The new procurement rules are like those of the Massachusetts Renewable Portfolio Standard, while the emissions targets are stricter than CO2limits under the Regional Greenhouse Gas Initiative, the cap-and-trade system agreed on by nine Northeastern states.
Pushed to Act
The state acted in response to a 2014 lawsuit by the Conservation Law Foundation that accused Massachusetts officials of failing to enact regulations needed to meet the targets set by the 2008 Global Warming Solutions Act.

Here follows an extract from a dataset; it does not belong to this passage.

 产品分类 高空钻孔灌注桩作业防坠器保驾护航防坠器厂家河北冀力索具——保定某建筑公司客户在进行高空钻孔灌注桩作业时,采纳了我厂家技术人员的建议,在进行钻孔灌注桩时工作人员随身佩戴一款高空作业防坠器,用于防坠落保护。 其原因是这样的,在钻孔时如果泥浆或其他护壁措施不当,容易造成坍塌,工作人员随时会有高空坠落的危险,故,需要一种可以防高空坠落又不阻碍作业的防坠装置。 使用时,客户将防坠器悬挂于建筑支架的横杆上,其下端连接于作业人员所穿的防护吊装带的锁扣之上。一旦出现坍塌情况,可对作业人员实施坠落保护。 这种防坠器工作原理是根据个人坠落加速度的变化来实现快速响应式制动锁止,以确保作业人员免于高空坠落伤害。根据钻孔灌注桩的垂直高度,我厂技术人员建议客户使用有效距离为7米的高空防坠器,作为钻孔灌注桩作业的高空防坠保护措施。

The state’s top court ruled in favor of CLF in May 2016.
CLF helped win passage of the climate change law, which requires Massachusetts to issue regulations to incrementally reduce greenhouse gas emissions each year.

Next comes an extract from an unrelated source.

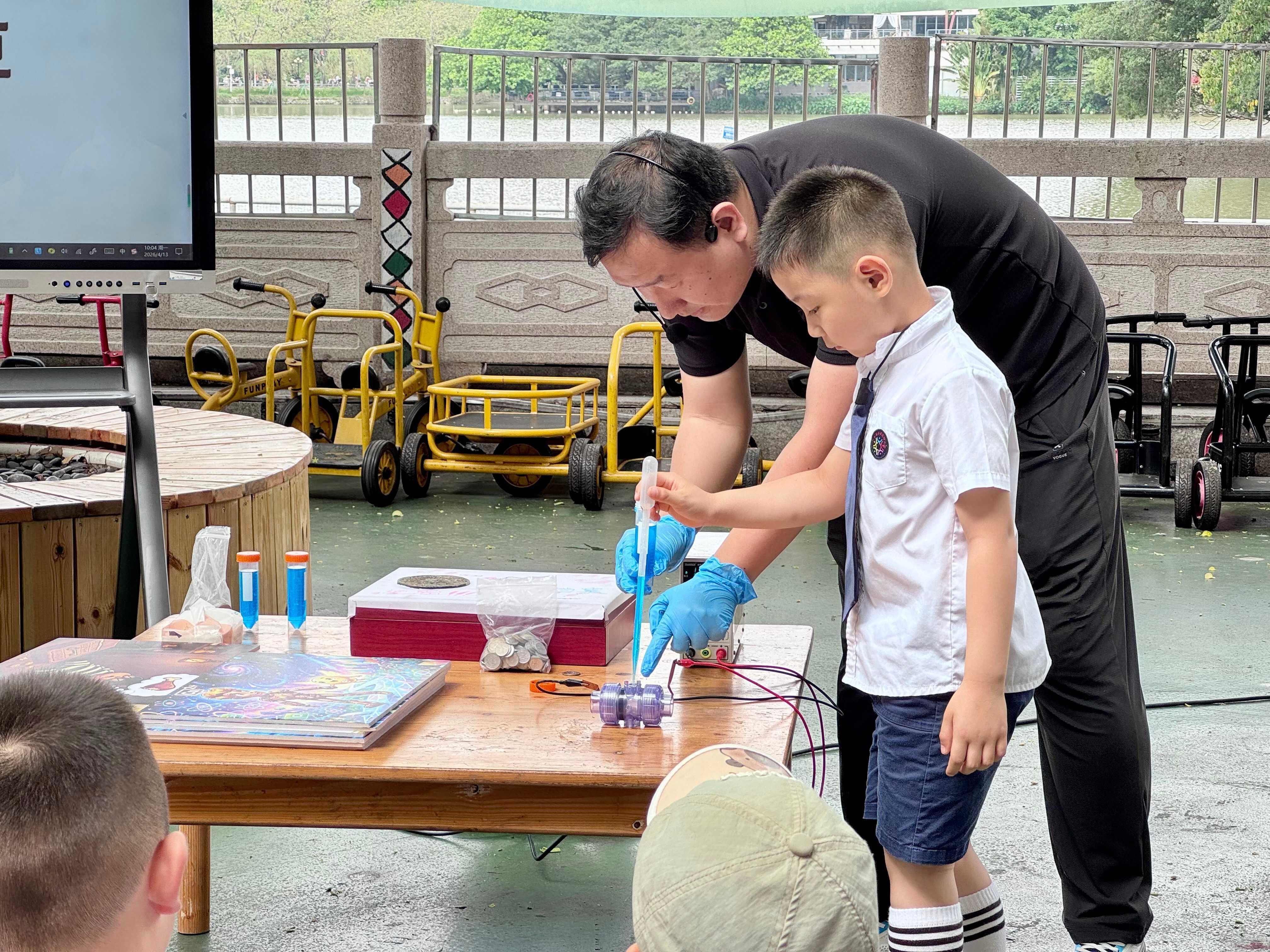 本次活动融合实验课程与原创绘本,面向学龄前儿童开展科学启蒙教育。科普老师盛超不仅带来了防腐院自主研发的科普课程《科学侦探艾克—假币案》,让孩子们化身“小艾克”,在破案过程中亲手操作实验,直观感受科学的魅力;还专门为学龄前阶段孩子量身打造了原创科普绘本——《铜离子找朋友》。

“These rules re-establish the commonwealth as a national leader in developing sensible, enforceable standards to transition our economy to a low-carbon future,” CLF President Bradley Campbell said in a statement. “Much more needs to be done, and Gov. [Charlie] Baker’s leadership will be essential to getting neighboring states to take meaningful action to prepare New England for the energy future being shaped by the Paris Climate Agreement.”
20-year levelized cost of renewable energy resources | Mass. DOER
Last September, Baker issued an executive order that set a deadline of Aug. 11 for the secretary of energy and environmental Affairs and the Department of Environmental Protection to have “designed such regulations to ensure that the commonwealth meets the 2020 statewide emissions limit mandated by the GWSA.”
That limit — a 25% reduction in emissions below 1990 levels — was established seven years ago by the state to meet the GWSA requirement of a minimum 80% reduction by 2050. Officials estimate that by 2014, Massachusetts had already cut carbon emissions by 21% from 1990 levels.
“These regulations will help ensure the commonwealth meets the rigorous emission reductions limits established in the Global Warming Solutions Act in order to protect our residents, communities and natural resources from the effects of climate change,” Baker said.
Limited Effect on Consumers
The DEP concluded that the emissions targets and clean procurement rules would likely increase customer electricity bills by 1 to 2% per year.
The Bay State has been busy this year ramping up its environmental regulations. Officials earlier this summer announced that the state’s electric distribution utilities must procure a combined 200 MWh of energy storage by Jan. 1, 2020. (See Massachusetts Underwhelms with 200-MWh Storage Target.)
In late July, the state received more than half a dozen proposals to meet its call for 9.45 TWh a year of renewable generation. Projects will be selected next January, with contracts to be submitted in late April. (See Hydro-Québec Dominates Mass. Clean Energy Bids.)
In response to public comment, the final CES included limited grandfathering to accommodate electricity sold in 2018 and 2019 under existing contracts. For the next three years, the alternative compliance payment rate is being increased to 75% of the RPS amount, but it will drop to 50% of the RPS amount in 2021. The use of banked clean energy credits is not allowed until 2021.
allowance prices assumed in the main scenarios, (RGGI price) and alternative sensitivity price | Mass. DOER
The RGGI emissions cap represents a regional budget for CO2 emissions from the power sector, with each CO2 allowance representing an authorization to emit 1 short ton from a regulated source. The nine RGGI states agreed on a 2014 cap of 91 million short tons. The CO2 cap declines by 2.5 percentage points each year from 2015 to 2020.